▸ Directions: When you copy the records, keep every word exact and leave the pictures out.

Data items
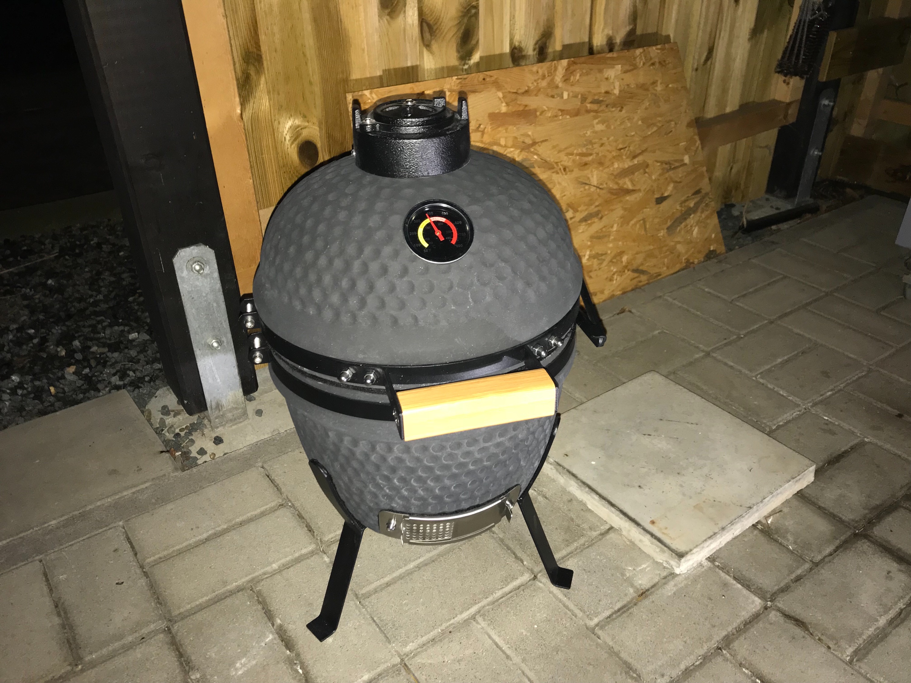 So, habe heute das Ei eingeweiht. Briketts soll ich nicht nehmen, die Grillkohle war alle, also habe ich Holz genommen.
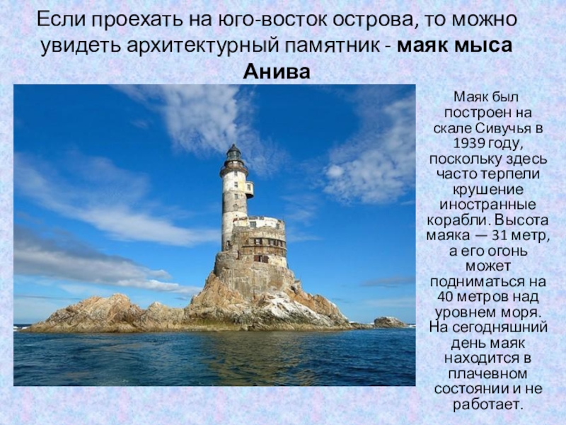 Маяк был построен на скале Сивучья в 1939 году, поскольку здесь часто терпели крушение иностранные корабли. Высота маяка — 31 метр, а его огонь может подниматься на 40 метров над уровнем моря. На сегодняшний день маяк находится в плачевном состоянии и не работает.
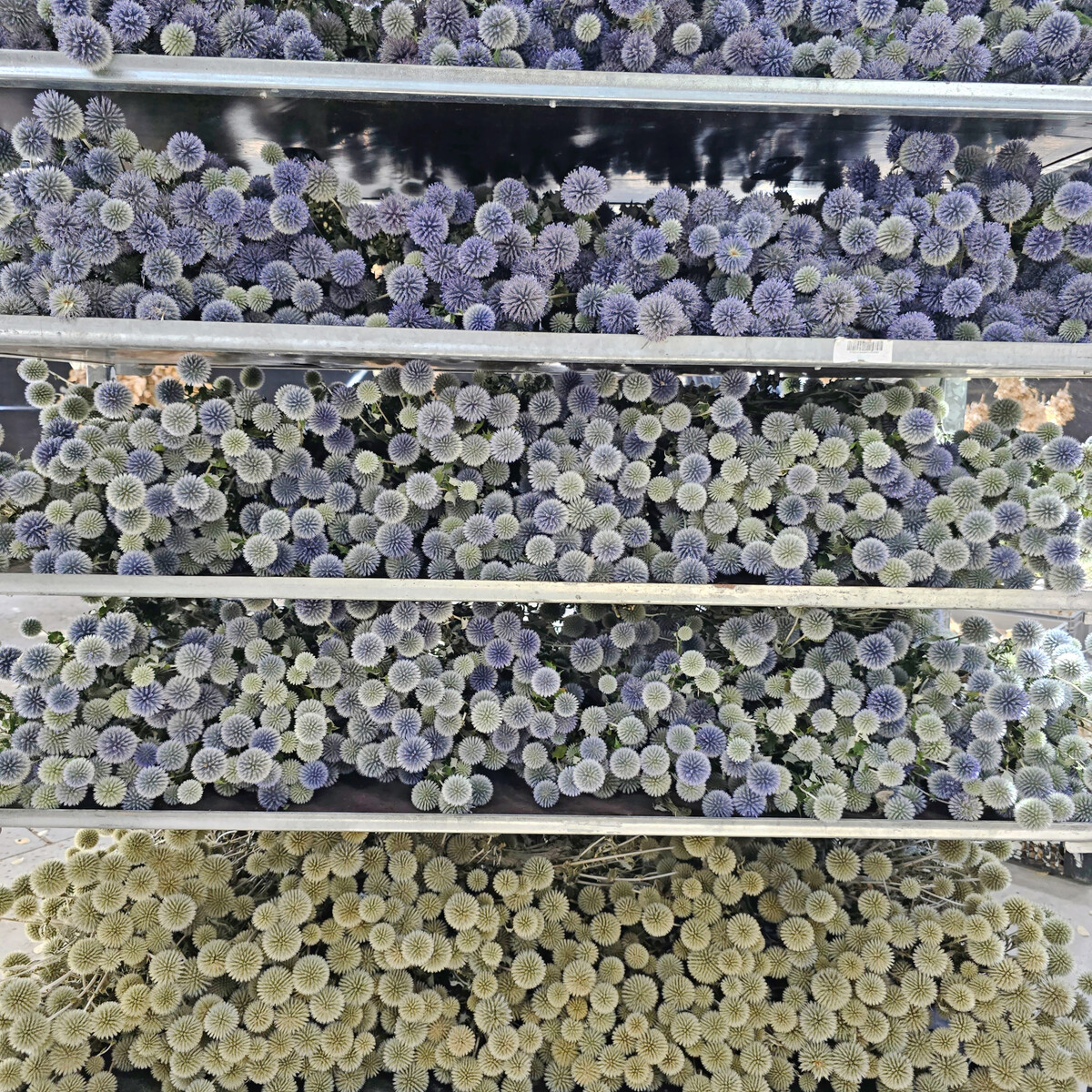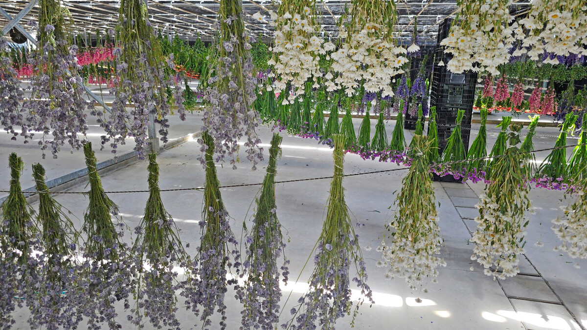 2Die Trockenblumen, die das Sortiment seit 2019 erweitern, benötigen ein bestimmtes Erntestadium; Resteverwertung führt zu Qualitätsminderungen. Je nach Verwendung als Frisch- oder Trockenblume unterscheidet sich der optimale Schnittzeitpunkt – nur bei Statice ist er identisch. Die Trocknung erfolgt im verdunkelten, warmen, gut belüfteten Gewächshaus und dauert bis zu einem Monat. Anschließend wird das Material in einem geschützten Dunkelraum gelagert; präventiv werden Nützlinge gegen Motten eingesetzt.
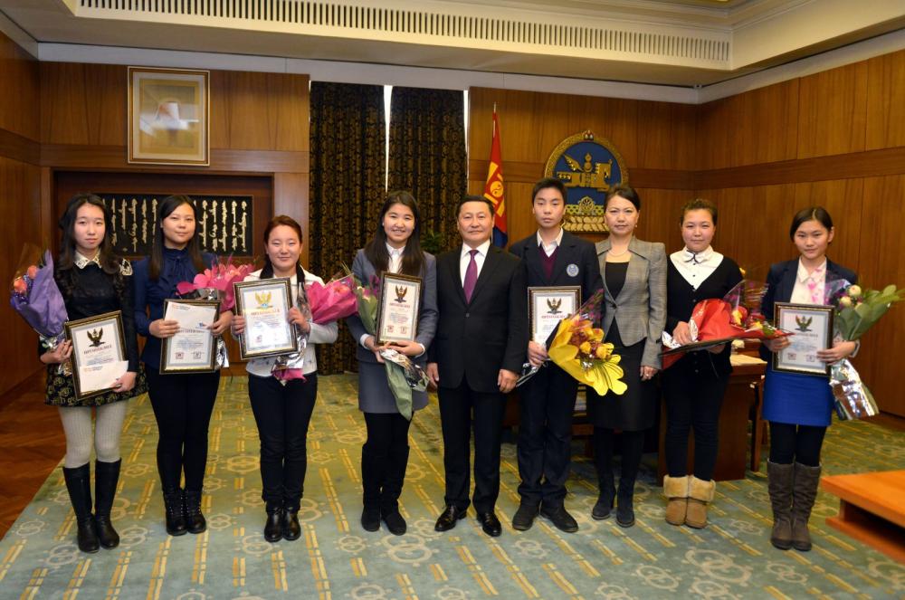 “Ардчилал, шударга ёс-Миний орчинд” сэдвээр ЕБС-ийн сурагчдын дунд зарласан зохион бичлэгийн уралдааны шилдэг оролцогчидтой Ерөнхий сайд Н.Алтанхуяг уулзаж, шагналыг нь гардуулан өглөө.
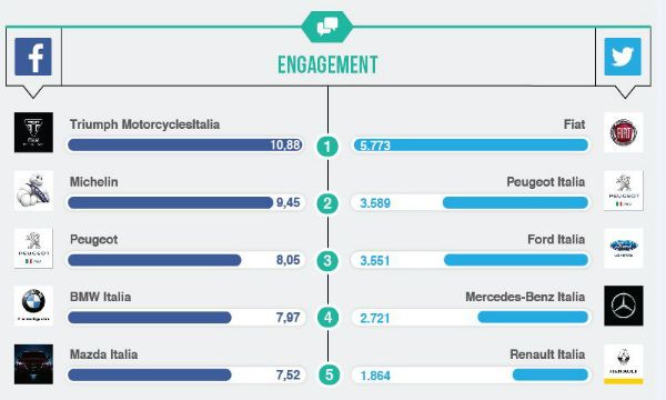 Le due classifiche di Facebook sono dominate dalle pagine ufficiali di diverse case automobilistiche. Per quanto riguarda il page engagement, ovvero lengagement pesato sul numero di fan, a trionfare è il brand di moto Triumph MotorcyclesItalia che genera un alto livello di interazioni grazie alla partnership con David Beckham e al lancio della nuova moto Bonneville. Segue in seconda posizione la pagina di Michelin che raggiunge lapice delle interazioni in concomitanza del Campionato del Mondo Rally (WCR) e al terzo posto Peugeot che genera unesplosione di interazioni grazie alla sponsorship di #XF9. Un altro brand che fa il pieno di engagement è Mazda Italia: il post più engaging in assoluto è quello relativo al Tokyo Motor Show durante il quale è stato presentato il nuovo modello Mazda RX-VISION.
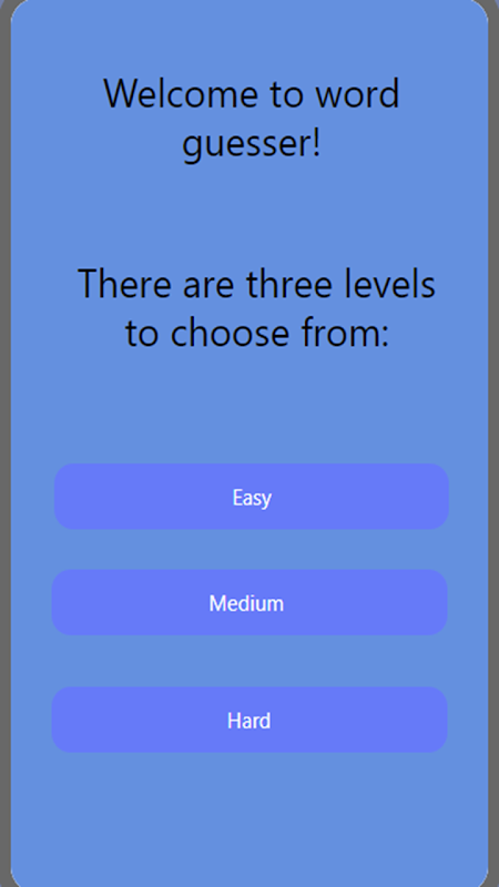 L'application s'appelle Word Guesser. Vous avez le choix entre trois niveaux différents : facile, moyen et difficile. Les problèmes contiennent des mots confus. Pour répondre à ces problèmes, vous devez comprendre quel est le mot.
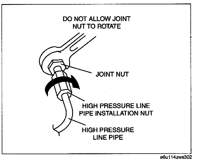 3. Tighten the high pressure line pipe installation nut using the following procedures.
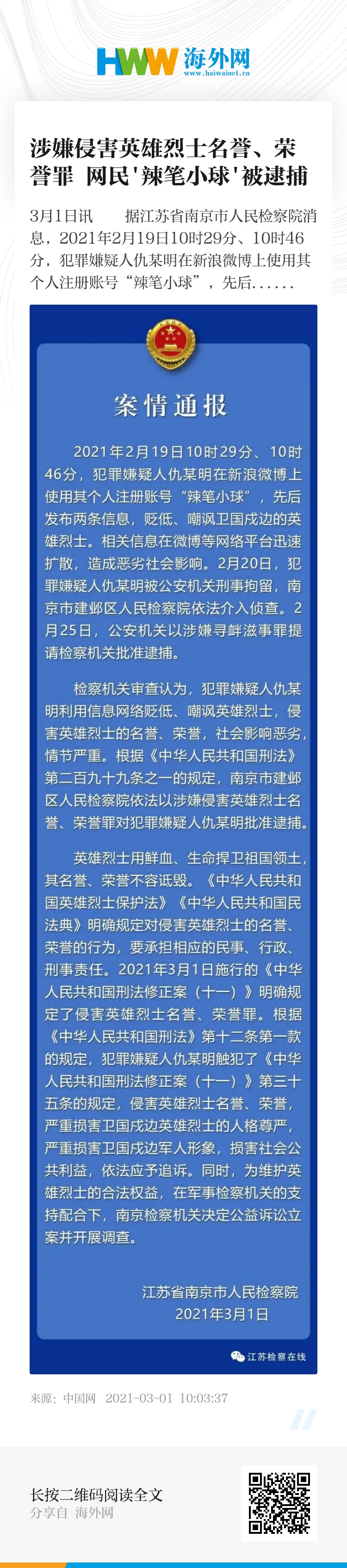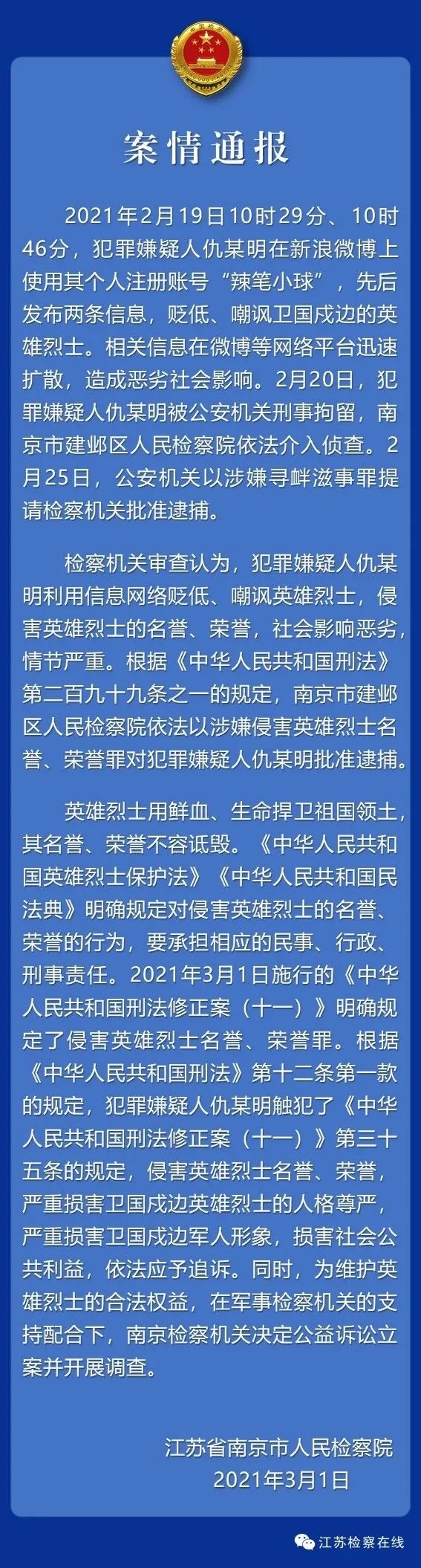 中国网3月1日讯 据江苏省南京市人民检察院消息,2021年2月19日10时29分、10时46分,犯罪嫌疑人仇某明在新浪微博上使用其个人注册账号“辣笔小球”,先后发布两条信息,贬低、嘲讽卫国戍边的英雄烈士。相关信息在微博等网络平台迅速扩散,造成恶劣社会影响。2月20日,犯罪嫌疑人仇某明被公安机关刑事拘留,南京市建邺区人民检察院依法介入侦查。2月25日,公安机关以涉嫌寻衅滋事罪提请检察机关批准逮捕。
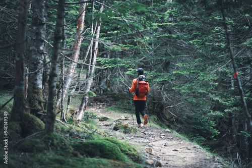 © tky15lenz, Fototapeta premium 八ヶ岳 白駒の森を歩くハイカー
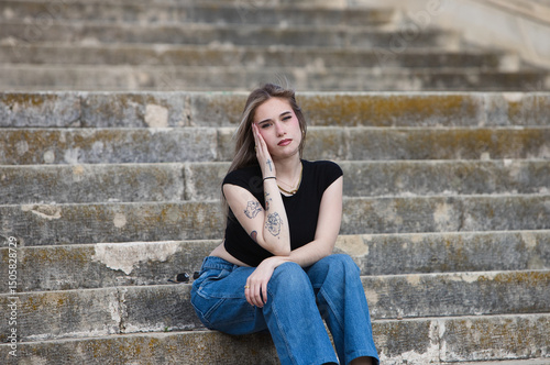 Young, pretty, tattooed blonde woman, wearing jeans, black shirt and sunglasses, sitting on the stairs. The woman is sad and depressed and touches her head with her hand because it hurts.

▸ Reply to the task:
 So, habe heute das Ei eingeweiht. Briketts soll ich nicht nehmen, die Grillkohle war alle, also habe ich Holz genommen.
 Маяк был построен на скале Сивучья в 1939 году, поскольку здесь часто терпели крушение иностранные корабли. Высота маяка — 31 метр, а его огонь может подниматься на 40 метров над уровнем моря. На сегодняшний день маяк находится в плачевном состоянии и не работает.
 2Die Trockenblumen, die das Sortiment seit 2019 erweitern, benötigen ein bestimmtes Erntestadium; Resteverwertung führt zu Qualitätsminderungen. Je nach Verwendung als Frisch- oder Trockenblume unterscheidet sich der optimale Schnittzeitpunkt – nur bei Statice ist er identisch. Die Trocknung erfolgt im verdunkelten, warmen, gut belüfteten Gewächshaus und dauert bis zu einem Monat. Anschließend wird das Material in einem geschützten Dunkelraum gelagert; präventiv werden Nützlinge gegen Motten eingesetzt.
 “Ардчилал, шударга ёс-Миний орчинд” сэдвээр ЕБС-ийн сурагчдын дунд зарласан зохион бичлэгийн уралдааны шилдэг оролцогчидтой Ерөнхий сайд Н.Алтанхуяг уулзаж, шагналыг нь гардуулан өглөө.
 Le due classifiche di Facebook sono dominate dalle pagine ufficiali di diverse case automobilistiche. Per quanto riguarda il page engagement, ovvero lengagement pesato sul numero di fan, a trionfare è il brand di moto Triumph MotorcyclesItalia che genera un alto livello di interazioni grazie alla partnership con David Beckham e al lancio della nuova moto Bonneville. Segue in seconda posizione la pagina di Michelin che raggiunge lapice delle interazioni in concomitanza del Campionato del Mondo Rally (WCR) e al terzo posto Peugeot che genera unesplosione di interazioni grazie alla sponsorship di #XF9. Un altro brand che fa il pieno di engagement è Mazda Italia: il post più engaging in assoluto è quello relativo al Tokyo Motor Show durante il quale è stato presentato il nuovo modello Mazda RX-VISION.
 L'application s'appelle Word Guesser. Vous avez le choix entre trois niveaux différents : facile, moyen et difficile. Les problèmes contiennent des mots confus. Pour répondre à ces problèmes, vous devez comprendre quel est le mot.
 3. Tighten the high pressure line pipe installation nut using the following procedures.
 中国网3月1日讯 据江苏省南京市人民检察院消息,2021年2月19日10时29分、10时46分,犯罪嫌疑人仇某明在新浪微博上使用其个人注册账号“辣笔小球”,先后发布两条信息,贬低、嘲讽卫国戍边的英雄烈士。相关信息在微博等网络平台迅速扩散,造成恶劣社会影响。2月20日,犯罪嫌疑人仇某明被公安机关刑事拘留,南京市建邺区人民检察院依法介入侦查。2月25日,公安机关以涉嫌寻衅滋事罪提请检察机关批准逮捕。
 © tky15lenz, Fototapeta premium 八ヶ岳 白駒の森を歩くハイカー
 Young, pretty, tattooed blonde woman, wearing jeans, black shirt and sunglasses, sitting on the stairs. The woman is sad and depressed and touches her head with her hand because it hurts.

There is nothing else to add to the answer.